Antipsychotic drugs influence transport of the beta-adrenergic antagonist [3H]-dihydroalprenolol into neuronal and blood cells.

The amine hypothesis suggests that the cause of schizophrenic or depressive psychosis is dysfunction of noradrenergic or serotonergic neurotransmission. We investigated pharmacological properties of [3H]-dihydroalprenolol (DHA) transport into C6, IMR32, native lymphocytes, B-lymphoblastoids and MOLT-3 cells. DHA transport was inhibited by a heterogeneous group of structurally related compounds exhibiting an amine group and various aromatic ring structures.
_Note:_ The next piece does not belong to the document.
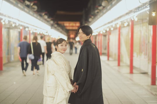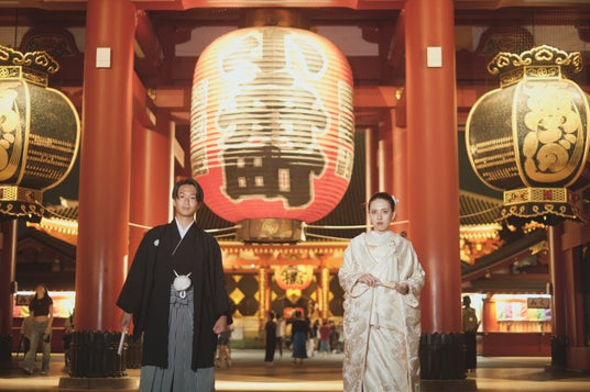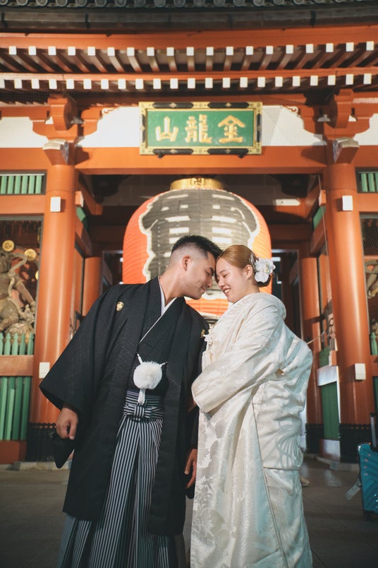 ライトアップされた浅草寺の雷門や仲見世商店街を背景にした写真は、特別感があり、おふたりだけの特別な思い出をさらに華やかに彩ります。
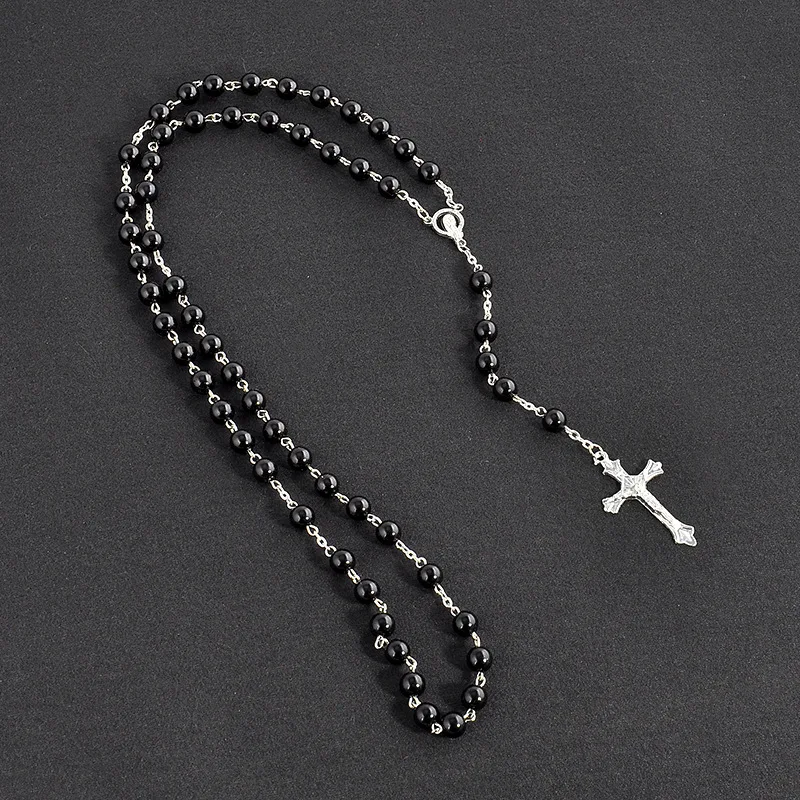 Новая мода ручной работы круглая стеклянная бусина католические четки качество ожерелье из бисера крест бусины крест религиозные подвески ожерелье

It was verified on cells of neuronal/glial and blood cell origin but in detail on B-lymphoblastoids. The latter once showed strongest inhibition of DHA transport using tricyclic antidepressants (amitriptyline: IC50 = 2.86 microM, imipramine: IC50 = 3.33 microM) and haloperidol (IC50 = 3.98 microM) as a neuroleptic. Antipsychotics like clozapine (IC50 = 11 microM), olanzapine (IC50 = 15 microM), spiperone (IC50 = 66 microM) and EMD 49980 (ICso >> 100 microM) were less effective. In contrast to cells of blood origin, a stimulation of DHA transport by antipsychotics was not detectable using neuronal cells. As antipsychotics showed a distinct inhibition and, concerning cells of blood origin, a stimulation of transport after pre-incubation, further investigations seem to be of interest in respect to its involvement in the cellular uptake of drugs and therefore its impact on the quality of therapy of psychiatric patients.